» **ACTION ITEM**: Word for word, restate each of the entries below, and drop every picture.

Saved data entries
□ □ □
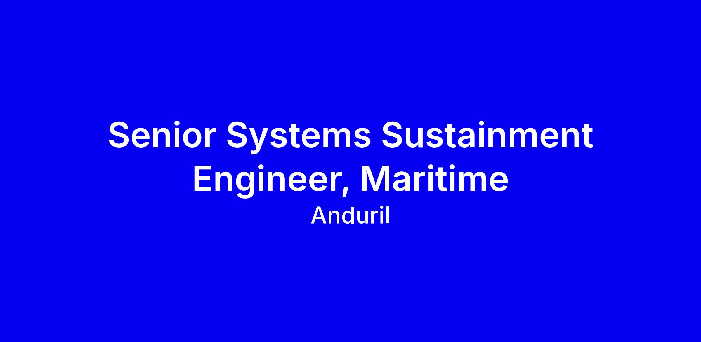 Anduril is hiring a Senior Systems Sustainment Engineer, Maritime in Quincy, MA to own sustainment of AUVs and USVs, developing maintenance plans, managing technical data and spares, and creating a central SBOM while collaborating with engineering, operations, and quality to ensure reliability and readiness across the lifecycle. You’ll be the primary POC for sustainment and help embed sustainment in new product development. Requirements include 5+ years in a high-rigor environment, CAD/PLM proficiency, MIL standards familiarity, strong problem solving and communication, quick learning, and U.S. security clearance eligibility; some travel may be required. Tips: tailor your resume to show measurable uptime gains, cross-functional impact, and concrete SBOMs or maintenance artifacts.
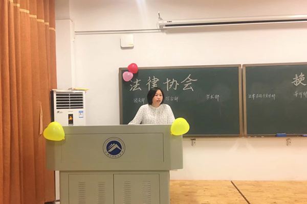 大会伊始,李倩老师对法律协会上一年的工作进行总结。在对协会过去一年取得的显著成绩表示肯定的同时也指出了协会在发展中存在的不足并简要阐述了未来发展的目标。她强调:“全体社干应增强责任意识,提高工作能力,从而调动法律协会会员参加活动的积极性,通过开展法庭辩论、案例分析、读书研讨、法律援助以及导诉等实践活动培养实用型人才,以此增强法律协会的影响力。”总结之后,马欢老师为上一届会长、副会长及各部长、副部长颁发聘书。随后法律协会换届大会正式开始。
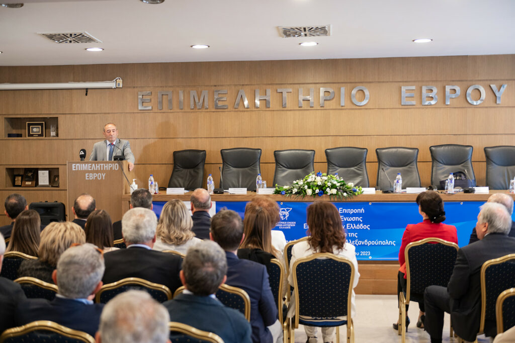 Ο κος Δαστερίδης με τη σειρά του, χαιρετίζοντας συγκινημένος την εκδήλωση, αφού ευχαρίστησε τον πρόεδρο και το Διοικητικό Συμβούλιο του Επιμελητηρίου Έβρου, επανέλαβε την αγωνία του για το μέλλον της περιοχής μας καλώντας όλους και όλες να μην χάνουν την εργατικότητά τους και τη διάθεσή τους για προσφορά, ώστε ο Έβρος και η Θράκη να κινούνται ανοδικά και με προσανατολισμό την ανάπτυξη και την ευημερία.
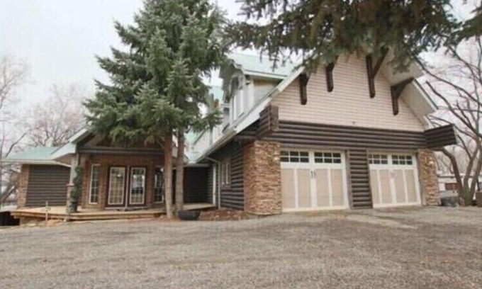 Log cabin with plenty of room for large gatherings. Open concept throughout the main floor and upstairs. Multiple seating areas throughout to accomodate large parties. Plenty of natural light throughout the entire house. Air conditioning, log burning fireplace, electric fireplace, gym, sauna, tanning bed, propane fireplace, in floor heat, fully equipped kitchen, golf course near by, convenience store.
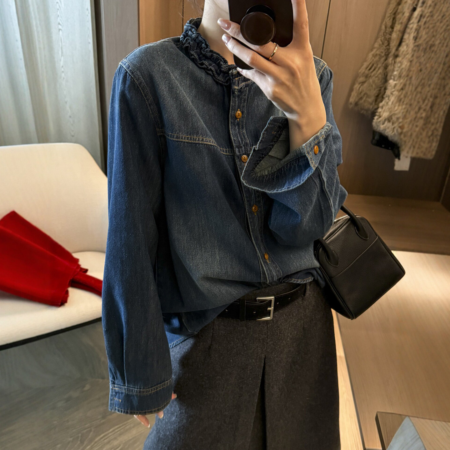 木耳花边领牛仔衬衫女欧洲站2025冬装新款欧货女装时尚洋气上衣潮
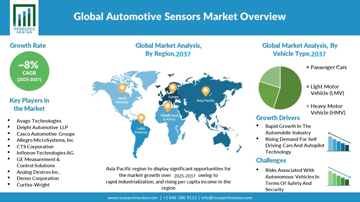 世界の自動車用センサー市場は、2025年から2037年の予測期間にわたって約8%のCAGRで成長し、2037年末までに大きな収益を獲得すると推定されています。さらに、市場は2024年にわずかな収益を生み出しました。 市場は、車両タイプ別に、乗用車、軽自動車(LMV)、大型自動車(HMV)に区分されています。これらのうち、乗用車セグメントは、世界的な自動車需要の高まりと乗用車の供給増加を背景に、2031年末までに最大の収益を獲得すると予想されています。
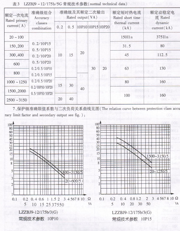 3、Rated primary current, accuracy classes combination.rated output and rated dynamic current see the forml~3
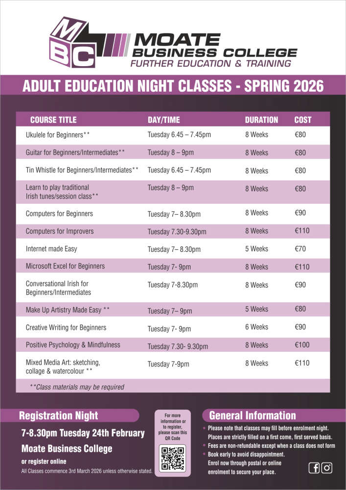 MOATE BUSINESS COLLEGE SPRING NIGHT COURSESSpring 2026 Night Classes start soon in Moate Business College. Register on the adult-ed page of our website or on February 24th from 7-8.30 in Moate Business College. Courses include: Make Up Artistry Made Easy, Guitar & Ukulele lessons, French for Beginners as well as Creative Writing, Computers for Beginners and Conversational Irish. See the full list and Enrol today @ Moate Business College.com
□ □ □
» **EXERCISE OUTPUT**:
 Anduril is hiring a Senior Systems Sustainment Engineer, Maritime in Quincy, MA to own sustainment of AUVs and USVs, developing maintenance plans, managing technical data and spares, and creating a central SBOM while collaborating with engineering, operations, and quality to ensure reliability and readiness across the lifecycle. You’ll be the primary POC for sustainment and help embed sustainment in new product development. Requirements include 5+ years in a high-rigor environment, CAD/PLM proficiency, MIL standards familiarity, strong problem solving and communication, quick learning, and U.S. security clearance eligibility; some travel may be required. Tips: tailor your resume to show measurable uptime gains, cross-functional impact, and concrete SBOMs or maintenance artifacts.
 大会伊始,李倩老师对法律协会上一年的工作进行总结。在对协会过去一年取得的显著成绩表示肯定的同时也指出了协会在发展中存在的不足并简要阐述了未来发展的目标。她强调:“全体社干应增强责任意识,提高工作能力,从而调动法律协会会员参加活动的积极性,通过开展法庭辩论、案例分析、读书研讨、法律援助以及导诉等实践活动培养实用型人才,以此增强法律协会的影响力。”总结之后,马欢老师为上一届会长、副会长及各部长、副部长颁发聘书。随后法律协会换届大会正式开始。
 Ο κος Δαστερίδης με τη σειρά του, χαιρετίζοντας συγκινημένος την εκδήλωση, αφού ευχαρίστησε τον πρόεδρο και το Διοικητικό Συμβούλιο του Επιμελητηρίου Έβρου, επανέλαβε την αγωνία του για το μέλλον της περιοχής μας καλώντας όλους και όλες να μην χάνουν την εργατικότητά τους και τη διάθεσή τους για προσφορά, ώστε ο Έβρος και η Θράκη να κινούνται ανοδικά και με προσανατολισμό την ανάπτυξη και την ευημερία.
 Log cabin with plenty of room for large gatherings. Open concept throughout the main floor and upstairs. Multiple seating areas throughout to accomodate large parties. Plenty of natural light throughout the entire house. Air conditioning, log burning fireplace, electric fireplace, gym, sauna, tanning bed, propane fireplace, in floor heat, fully equipped kitchen, golf course near by, convenience store.
 木耳花边领牛仔衬衫女欧洲站2025冬装新款欧货女装时尚洋气上衣潮
 世界の自動車用センサー市場は、2025年から2037年の予測期間にわたって約8%のCAGRで成長し、2037年末までに大きな収益を獲得すると推定されています。さらに、市場は2024年にわずかな収益を生み出しました。 市場は、車両タイプ別に、乗用車、軽自動車(LMV)、大型自動車(HMV)に区分されています。これらのうち、乗用車セグメントは、世界的な自動車需要の高まりと乗用車の供給増加を背景に、2031年末までに最大の収益を獲得すると予想されています。
 3、Rated primary current, accuracy classes combination.rated output and rated dynamic current see the forml~3
 MOATE BUSINESS COLLEGE SPRING NIGHT COURSESSpring 2026 Night Classes start soon in Moate Business College. Register on the adult-ed page of our website or on February 24th from 7-8.30 in Moate Business College. Courses include: Make Up Artistry Made Easy, Guitar & Ukulele lessons, French for Beginners as well as Creative Writing, Computers for Beginners and Conversational Irish. See the full list and Enrol today @ Moate Business College.com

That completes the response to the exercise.